Asistimos desde hace años a una realidad incontestable: el turismo masivo ocupa en muchas ciudades un espacio del que se ha incentivado a salir a residentes permanentes tradicionales por la simple aplicación de la oferta y la demanda del mercado turístico y de ocio. No se trata de limitar el debate a la defensa de un hipotético derecho a vivir junto a la Sagrada Familia en Barcelona o frente a la Puerta del Sol en Madrid, contrapuesto a la libertad del propietario a considerar la oferta de alquiler turístico de su inmueble de manera intensiva. Hablamos realmente de un modelo económico reciente y de fuerte impacto social en determinadas áreas, sobre todo urbanas, de aquellas grandes ciudades que ofrecen un alto atractivo turístico a nivel global.
En este debate, en el que deberían incidir la investigación y la propuesta de soluciones y alternativas al problema, habrían de estar las Administraciones públicas con competencias en la materia, de manera coordinada y eficaz. Porque el problema existe y es identificable de manera unánime en cuanto a sus síntomas y consecuencias en cualquier ciudad que se analice: deterioro de espacios urbanos, disminución de la calidad de vida y ambiental en los mismos, reducción y encarecimiento de productos y servicios, saturación y colapso de infraestructuras urbanas, y hasta afección a la convivencia vecinal.

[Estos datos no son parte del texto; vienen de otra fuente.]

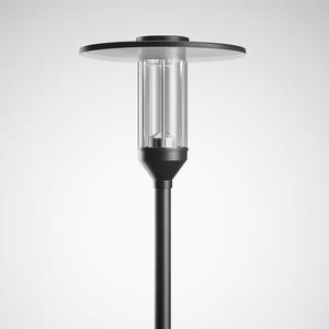 Dekorative LED-Laterne für Mastaufsatzmontage. Mit intelligentem Label zum schnellen Aufrufen von Leuchten-Informationen mittels QR-Code. Mastzopf Ø 76 mm. Mittels separat zu bestellender Reduzierstücke auch zur Montage an Masten mit Zopf Ø 60 mm geeignet. Passender Mast auf Anfrage. Lichtpunkthöhe max. 8000 mm. Optisches System in Multi-Lens-Technologie (MLT) ausgeführt. Leuchtenoptik bestehend aus hocheffizienten, UV- und temperaturbeständigen Linsensystemen. Mit asymmetrisch breit strahlender Lichtstärkeverteilung. Zur Beleuchtung von Straßen nach P-Beleuchtungsklassen. Zur flexiblen Anpassung an kundenspezifische Beleuchtungsaufgaben stehen weitere Abstrahlcharakteristiken zur Verfügung. Der nachträgliche Einbau einer rückseitigen / seitlichen Abschirmung ist als separat zu bestellendes Zubehör möglich. Leuchtenlichtstrom und Lichtfarbe fest eingestellt, mit Lichtstromkonstanthaltung am Ende der Lebensdauer (CLO). LED-System bestehend aus 4 LED-Modulen. Bemessungslichtstrom 3800 lm, Bemessungsleistung 32 W, maximale Leuchten-Lichtausbeute 119 lm/W. Lichtfarbe warmweiß, ähnlichste Farbtemperatur (CCT) 3000 K, Auf Anfrage auch in Tunable White Ausführung (2200 K - 4000 K) erhältlich. allgemeiner Farbwiedergabeindex (CRI) Ra > 70. Farborttoleranz (initial MacAdam) = 5 SDCM. Weitere LED-Lichtfarben auf Anfrage verfügbar. Mittlere Bemessungslebensdauer LCLO (tq 25 °C) = 100.000 h. Die Lichtquelle ist entsprechend der Ökodesign-Anforderungen (VO (EU) 2019/2020) austauschbar. Ausführungen mit 3-Stufen-Schalter zur Einstellung unterschiedlicher Lichtströme auf Anfrage. Flimmern: Pst LM = 1,0 bei Volllast. Leuchtenkörper aus Aluminium-Druckguss, Leuchtendach aus korrosionsbeständigem Aluminium, hochwetterfest pulverbeschichtet. Farbe Leuchtenkörper und Leuchtendach außen tiefschwarz, ähnlich RAL 9005. Leuchtendach innen weiß pulverbeschichtet. Seewetter geeignete Beschichtung auf Anfrage. Abschlusszylinder aus hochschlagzähem PMMA, klar. Leuchtenabdeckung in selbstarretierende Service-Position hochschiebbar. Mast auf Anfrage erhältlich. Schutzklasse (EN 61140): II, Schutzart (DIN EN 60529): IP23, Schutzart Lampenraum: IP65. Stoßfestigkeitsgrad nach IEC 62262: IK04. Zulässige Umgebungstemperatur (ta): 25 °C Windangriffsfläche Fw = 0,470 m2. Gewicht: 9,9 kg. Werkseitig angeschlossene Anschlussleitung. Länge der Anschlussleitung: 6,0 m. Mit elektronischem Betriebsgerät, schaltbar. Das Betriebsgerät ist entsprechend der Ökodesign-Anforderungen (VO (EU) 2019/2020) austauschbar. Mit angeschlossener, 6000 mm langer Zuleitung. Mit isoliertem Stützpunkt für den Erdleiter. Elektroblock mit allen elektrischen Komponenten werkzeuglos austauschbar. Stoßspannungsfestigkeit Differential Mode / Common Mode: 6 kV / 10 kV. Das Produkt erfüllt die grundlegenden Anforderungen der anwendbaren EU-Richtlinien und des Produktsicherheitsgesetzes und trägt die CE-Kennzeichnung. Zusätzlich ist die Leuchte durch eine unabhängige Prüfstelle ENEC-zertifiziert. Leuchte 10 Jahre, Ersatzteile (LED-Modul, Betriebsgerät, optisches System) 15 Jahre nach Rechnungsdatum unter Vorbehalt vertretbarer Änderungen, die dem Fortschritt dienen, verfügbar.

Frente a las alternativas de control, se opone la libertad del titular de un inmueble para decidir sobre sus modos de uso y disfrute, siendo uno de ellos el arrendamiento intensivo con fines turísticos, lo que hace entrar en juego a la libertad de empresa. Pero no solo eso, dado que históricamente en el caso de España el turismo ha sido un motor económico y de desarrollo principal, con una aportación de cerca del 13% al PIB nacional en 2023. Es más, el muy denostado efecto de la gentrificación ha podido suponer en muchos casos la recuperación urbana y social de determinadas áreas fuertemente deprimidas.

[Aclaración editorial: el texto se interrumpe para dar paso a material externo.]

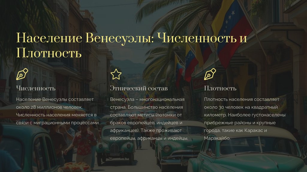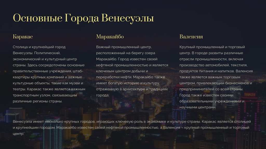 Венесуэла имеет несколько крупных городов, играющих ключевую роль в экономике и культуре страны. Каракас является столицей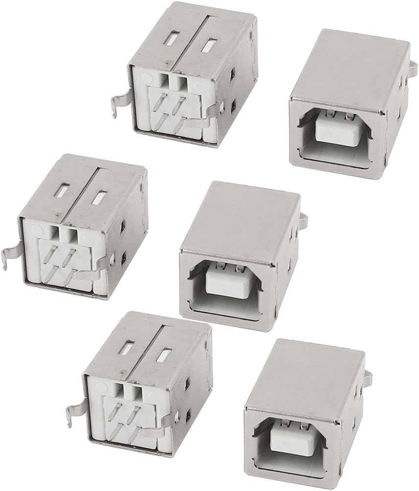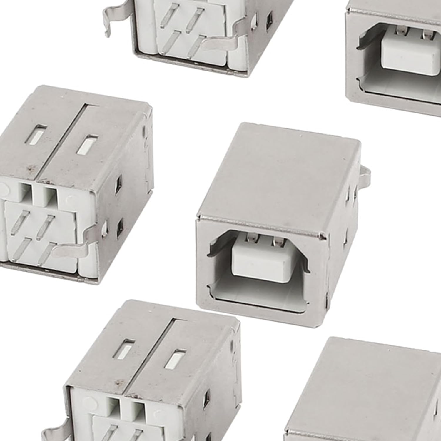 6-Pack USB-B Female Socket Connectors | USB 2.0 Type-B 4-Pin Square Receptacle Interface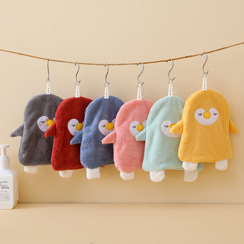 かわいいアニメのペンギンがタオルを拭くサンゴのベルベット家庭用トイレの浴室は、子供の手を拭くタオルをかけることができます

Sin embargo, cabe plantearse si no debiéramos asumir como normal y adecuado, además de oportuno —como sucede con otras actividades mercantiles privadas como el urbanismo—, un control regulado de un mercado como el del alquiler intensivo vacacional, altamente imperfecto a la vista de los relevantes fallos de índole social pese a nacer de la economía colaborativa y potenciado gracias a las nuevas tecnologías. Nada mejor para ello que acudir a la previsión de la función social de la propiedad del art. 33.2 de la Constitución, sin complejos ni dogmas pro- o anticapitalistas, sino para garantizar un mercado equilibrado y sostenible que no termine autodevorándose.